# Gardening...daisies/zinnias/chrysanthymums foliage dying from



## GeorgiaXplant (Sep 18, 2014)

the bottom up. This is something that has baffled me for years. I've tried using a fungicide on them, but apparently that's not the problem because it didn't work. They still bloom, but the foliage is ugly!

Has anybody else had this problem? And if so, what did you do about it?


----------



## JustBonee (Sep 18, 2014)

Could be there are critters that you don't see that can tunnel underground and do a lot of damage to plant root systems ... moles, voles, gophers. ... especially where it's been hot weather and a place that gets watered a lot. 

I recently dug up a pile of dirt, where I had a healthy bush (now suddenly dead) and discovered baby field mice burrowed inside. UGK.. I thought they were voles .. they all do damage to plants and flowers.
With Fall coming, I'm putting poison out in all the suspicious places. .. being careful to place it where cats/squirrels can't get to the poison. 
I do this every year because I live by a large drainage bayou ditch, and mice and rats are looking for a winter home. And I could be dealing with these other critters too..


----------



## GeorgiaXplant (Sep 18, 2014)

We have moles/voles and they drive us around the bend! But would they only bother these kinds of plants? I remember that when we lived out West and in the UP of Michigan, we had the same problem with the foliage. There are also some daisies planted in a different part of the garden...about 20 yards away from the one with dying foliage and still blooming...there haven't been any moles with that one, but its foliage is dying, too. 

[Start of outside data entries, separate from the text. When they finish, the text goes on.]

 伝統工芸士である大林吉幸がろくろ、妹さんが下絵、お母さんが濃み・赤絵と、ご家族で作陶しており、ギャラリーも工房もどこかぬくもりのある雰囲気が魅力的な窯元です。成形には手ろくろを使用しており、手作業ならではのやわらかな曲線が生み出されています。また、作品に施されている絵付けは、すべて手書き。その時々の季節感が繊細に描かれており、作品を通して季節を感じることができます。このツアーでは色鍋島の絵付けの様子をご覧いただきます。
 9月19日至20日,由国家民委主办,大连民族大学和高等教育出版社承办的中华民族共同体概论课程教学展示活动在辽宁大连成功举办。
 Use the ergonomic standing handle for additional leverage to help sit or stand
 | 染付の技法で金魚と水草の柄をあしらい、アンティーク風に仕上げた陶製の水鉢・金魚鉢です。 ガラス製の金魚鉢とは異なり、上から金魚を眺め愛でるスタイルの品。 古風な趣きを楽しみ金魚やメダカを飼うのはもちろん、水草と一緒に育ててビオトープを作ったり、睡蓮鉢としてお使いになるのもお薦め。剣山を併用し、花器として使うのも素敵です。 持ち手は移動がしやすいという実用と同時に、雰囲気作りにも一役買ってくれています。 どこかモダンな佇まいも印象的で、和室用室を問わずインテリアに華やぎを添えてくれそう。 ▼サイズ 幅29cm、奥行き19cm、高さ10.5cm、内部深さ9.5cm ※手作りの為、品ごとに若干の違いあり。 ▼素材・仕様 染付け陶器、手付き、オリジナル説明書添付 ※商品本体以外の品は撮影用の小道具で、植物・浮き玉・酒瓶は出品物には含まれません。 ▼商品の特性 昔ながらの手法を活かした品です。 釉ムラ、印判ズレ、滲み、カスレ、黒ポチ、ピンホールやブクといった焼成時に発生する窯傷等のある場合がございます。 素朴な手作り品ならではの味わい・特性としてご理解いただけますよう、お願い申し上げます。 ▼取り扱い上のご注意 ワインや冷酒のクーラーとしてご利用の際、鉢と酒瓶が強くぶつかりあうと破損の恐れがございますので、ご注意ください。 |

The only zinnias that look okay so far are the ones in pots. And come to think of it, we've had the problem with tomato plants, as well. The fruit isn't disturbed at all and keeps on growing/ripening but the foliage dries up...happens whether they're planted in the ground or grown in pots.

I saw a product in Home Depot called something like "Mole Away" and have seriously considered buying some just to relieve us of the mole problem.


----------



## JustBonee (Sep 18, 2014)

:shrug:  ... a person can go crazy trying to figure it all out  ... 

Mole Away ? - I might have to get that too.   I'm trying to put a vegetable garden in soon, and really don't need added problems.. 

I've heard that adding netting into the ground when planting the root ball of a plant can discourage underground life.  ??


----------



## GeorgiaXplant (Sep 18, 2014)

Bonnie, I tried netting when planting bulbs a couple of years ago, top and bottom. The critters ate through it!!!!


----------